### EXERCISE DESCRIPTION
Print the listing in its entirety and exactly, leaving out images.

### RECORDED INFORMATION

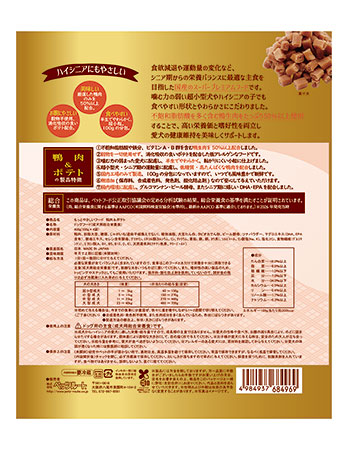 鴨肉、脱脂大豆、糖類、じゃがいも(遺伝子組換えでない)、植物油脂、大豆たん白、タピオカでん粉、ビール酵母、ツナパウダー、マグロエキス(DHA、EPA含有)、酵母エキス、セレン含有酵母、グリセリン、ミネラル類(カルシウム、リン、ナトリウム、亜鉛、鉄、銅、ヨウ素)、ソルビトール、リン酸塩(Na、K)、塩化コリン、食物繊維(グルコマンナン)、ビタミン類(A、B1、B5、B12、D、E)、天然着色料(クチナシ色素、マリーゴールド) |
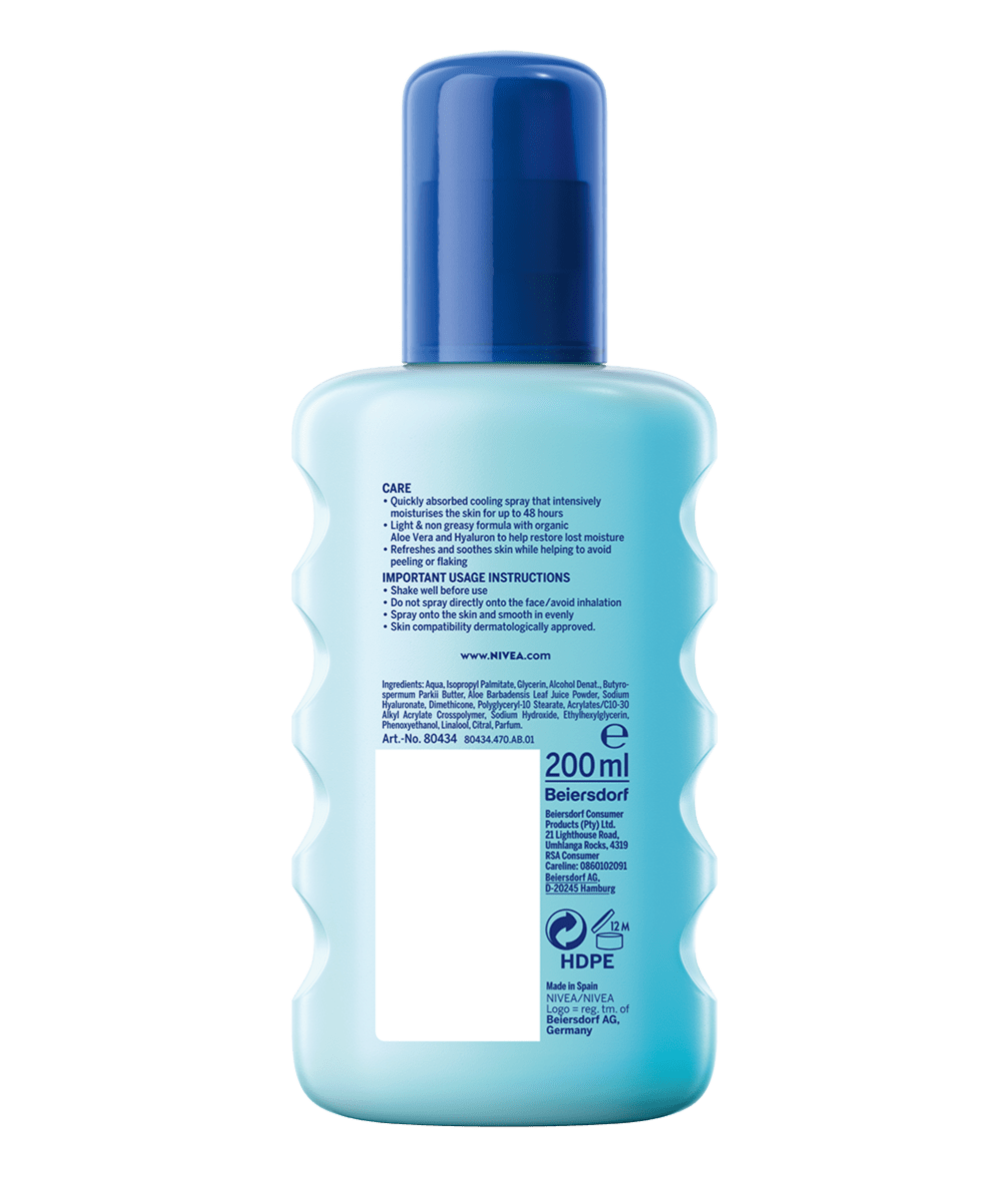 NIVEA SUN After Sun Moisture Spray 200ml is cooling and soothing the skin after sun exposure and instantly relieves signs of sun-stressed skin. The light caring formula with Bio-Aloe Vera and Hyaluron provides 48h moisture and helps to restore skin's moisture loss. Its non-greasy formula absorbs quickly, helps to avoid peeling or flaking and comes in a convenient spray for easy application. Skin compatibility dermatologically approved.
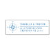 Klassische, aber moderne nautische Themen in der Längsrichtung Tinte Briefmarke. Die Briefmarke sind mit einer nautischen alten Kompass-Rose in einem Vintagen Stil mit dem Namen der Braut und Bräutigam auf der rechten Seite.
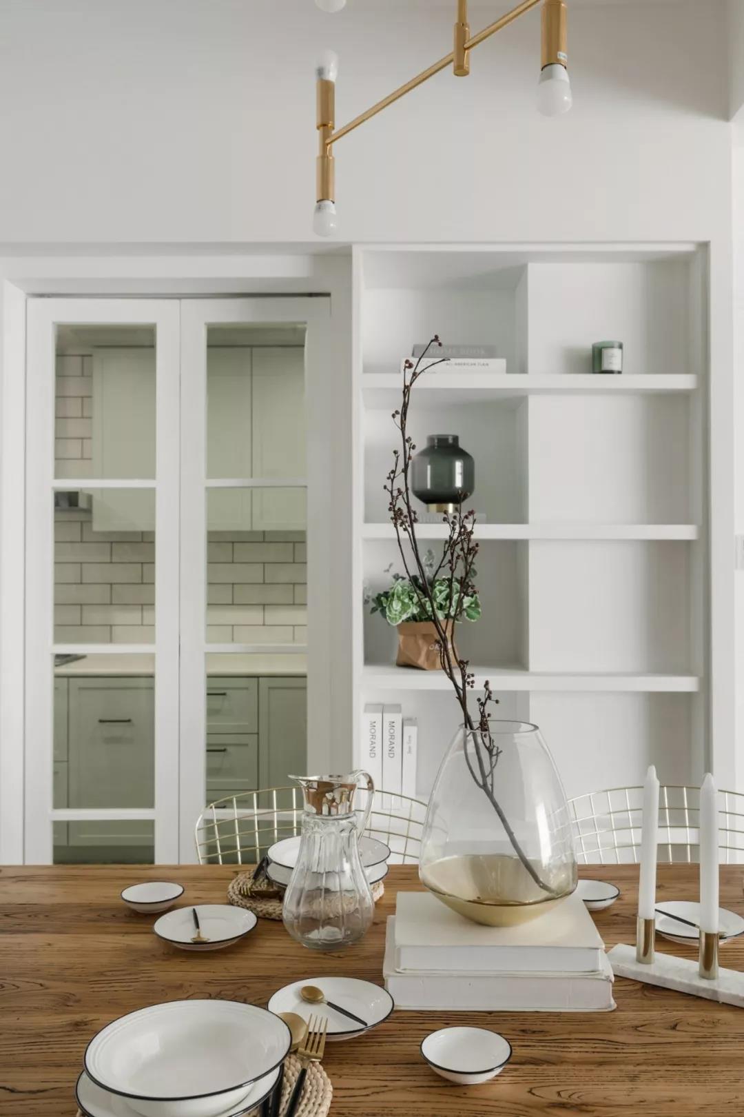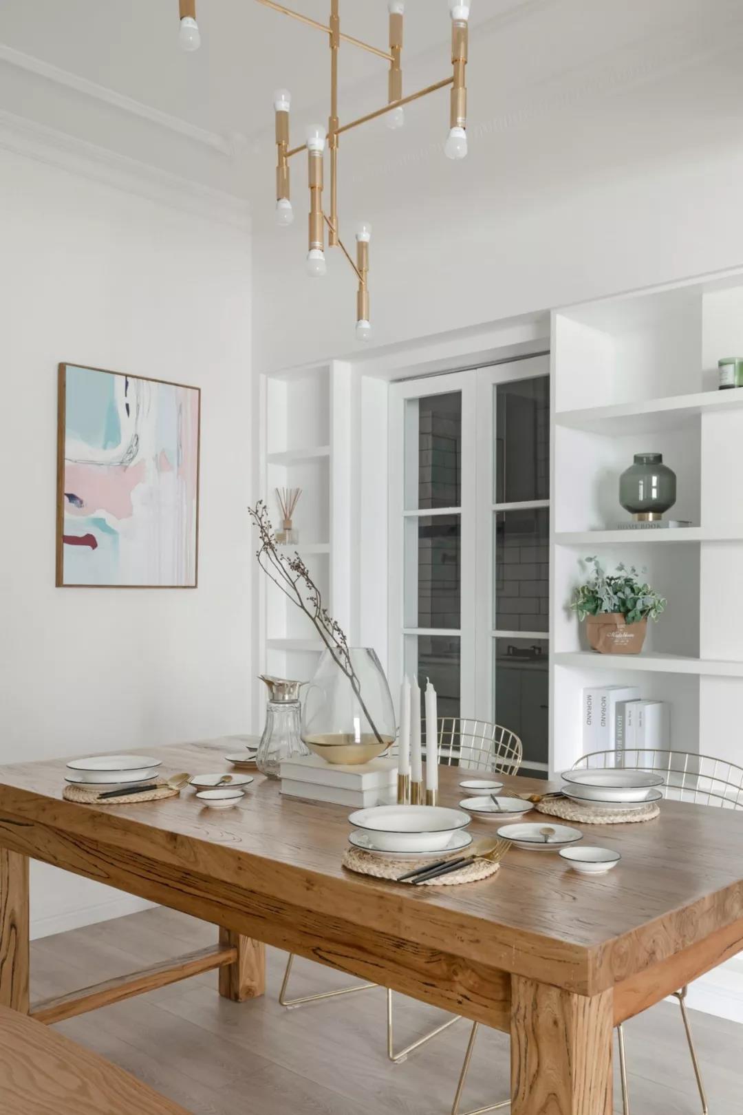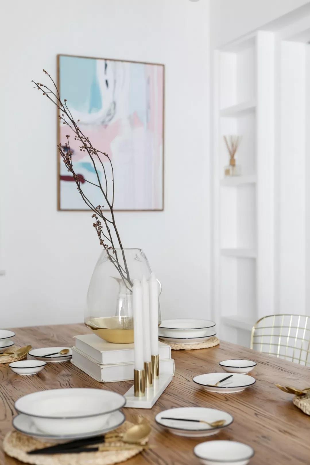 北欧风秉持着追求极简生活的理念,在家具方面,尤其是一些小的挂饰和摆件上面都会以简单、自然、清新为主,具有艺术感的黄铜吊灯,与餐桌上的黄铜器物相互呼应,统一白色的餐具搭配黄铜,用餐环境纯净且带高级质感。

### WRITTEN ANSWER
 鴨肉、脱脂大豆、糖類、じゃがいも(遺伝子組換えでない)、植物油脂、大豆たん白、タピオカでん粉、ビール酵母、ツナパウダー、マグロエキス(DHA、EPA含有)、酵母エキス、セレン含有酵母、グリセリン、ミネラル類(カルシウム、リン、ナトリウム、亜鉛、鉄、銅、ヨウ素)、ソルビトール、リン酸塩(Na、K)、塩化コリン、食物繊維(グルコマンナン)、ビタミン類(A、B1、B5、B12、D、E)、天然着色料(クチナシ色素、マリーゴールド) |
 NIVEA SUN After Sun Moisture Spray 200ml is cooling and soothing the skin after sun exposure and instantly relieves signs of sun-stressed skin. The light caring formula with Bio-Aloe Vera and Hyaluron provides 48h moisture and helps to restore skin's moisture loss. Its non-greasy formula absorbs quickly, helps to avoid peeling or flaking and comes in a convenient spray for easy application. Skin compatibility dermatologically approved.
 Klassische, aber moderne nautische Themen in der Längsrichtung Tinte Briefmarke. Die Briefmarke sind mit einer nautischen alten Kompass-Rose in einem Vintagen Stil mit dem Namen der Braut und Bräutigam auf der rechten Seite.
 北欧风秉持着追求极简生活的理念,在家具方面,尤其是一些小的挂饰和摆件上面都会以简单、自然、清新为主,具有艺术感的黄铜吊灯,与餐桌上的黄铜器物相互呼应,统一白色的餐具搭配黄铜,用餐环境纯净且带高级质感。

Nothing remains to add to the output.